Preparing to cover the Sixth-Annual Southeastern United Grape and Wine Symposium at Surry Community College on Wednesday, I read the press release announcing the event, and thought, “Wow, they’ve managed to suck all the fun out of wine.” I wouldn’t have thought that possible.

“Correctly Blending Pesticides and Worker Protection Standard Changes” and “Technical Blending,” along with all of the other equally compelling topics to be discussed that day, did not sound all that, well, compelling.

And I love wine. I love it a lot. Sometimes, the promise of a glass of merlot at the end of the day is the only thing that gets me through that day.

And it’s not that I don’t know a lot about my beverage of choice.
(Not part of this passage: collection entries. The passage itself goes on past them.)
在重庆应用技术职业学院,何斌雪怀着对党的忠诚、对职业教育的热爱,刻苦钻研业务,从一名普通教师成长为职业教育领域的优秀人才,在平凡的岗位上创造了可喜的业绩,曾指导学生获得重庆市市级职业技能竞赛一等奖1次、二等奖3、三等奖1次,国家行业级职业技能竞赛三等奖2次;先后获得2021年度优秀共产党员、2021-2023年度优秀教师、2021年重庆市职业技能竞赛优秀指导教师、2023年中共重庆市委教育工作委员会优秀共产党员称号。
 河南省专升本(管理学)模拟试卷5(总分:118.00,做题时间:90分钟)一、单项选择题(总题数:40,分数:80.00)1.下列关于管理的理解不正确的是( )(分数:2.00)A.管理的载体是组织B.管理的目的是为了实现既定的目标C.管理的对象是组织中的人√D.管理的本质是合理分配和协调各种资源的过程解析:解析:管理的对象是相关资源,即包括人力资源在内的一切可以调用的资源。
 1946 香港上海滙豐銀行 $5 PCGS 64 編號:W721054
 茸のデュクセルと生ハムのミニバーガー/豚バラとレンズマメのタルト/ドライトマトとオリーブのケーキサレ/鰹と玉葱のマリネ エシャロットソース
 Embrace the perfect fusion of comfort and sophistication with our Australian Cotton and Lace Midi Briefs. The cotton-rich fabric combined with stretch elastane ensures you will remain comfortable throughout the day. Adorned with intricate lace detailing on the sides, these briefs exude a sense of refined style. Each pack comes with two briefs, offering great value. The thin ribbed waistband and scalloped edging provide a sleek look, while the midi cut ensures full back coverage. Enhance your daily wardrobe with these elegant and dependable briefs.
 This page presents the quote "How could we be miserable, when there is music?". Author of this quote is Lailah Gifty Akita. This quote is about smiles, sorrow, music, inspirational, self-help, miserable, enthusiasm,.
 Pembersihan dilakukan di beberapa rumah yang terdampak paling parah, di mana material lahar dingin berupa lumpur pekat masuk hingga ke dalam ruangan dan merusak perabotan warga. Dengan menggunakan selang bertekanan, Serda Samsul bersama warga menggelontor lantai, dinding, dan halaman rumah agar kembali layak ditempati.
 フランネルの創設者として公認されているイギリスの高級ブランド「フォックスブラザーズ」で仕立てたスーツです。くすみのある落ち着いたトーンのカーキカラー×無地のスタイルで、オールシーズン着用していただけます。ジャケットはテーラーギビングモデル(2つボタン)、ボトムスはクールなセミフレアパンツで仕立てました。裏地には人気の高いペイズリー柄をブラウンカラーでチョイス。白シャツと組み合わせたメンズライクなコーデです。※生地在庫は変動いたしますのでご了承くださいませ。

I’ve watched “A Good Year” at least a dozen times and I don’t even like Russell Crowe. And I’ve probably spent more time watching “Sideways” than it took to film it.

Drinking wine the whole time, of course. But I still can’t work up much enthusiasm for “Correctly Blending Pesticides and Worker Protection Standard Changes.”

Of course, the symposium was designed for people who produce wine, not for those who consume it. But a part of the allure of wine is the romance of it. There are vineyards and chateaux and estates and grand crus and lots of other stuff that I would understand better if I hadn’t been drinking so much wine while watching “A Good Year” and “Sideways.”

And part of that romance is the silky smooth, easy-down-the-gullet, floral top noted fantasy of one day being able to produce this nectar of the gods oneself. Preferably on an estate, and even more preferably, an estate with a chateau.

But the threat of having to concern myself with “Correctly Blending Pesticides and Worker Protection Standard Changes” has squashed that fantasy forever.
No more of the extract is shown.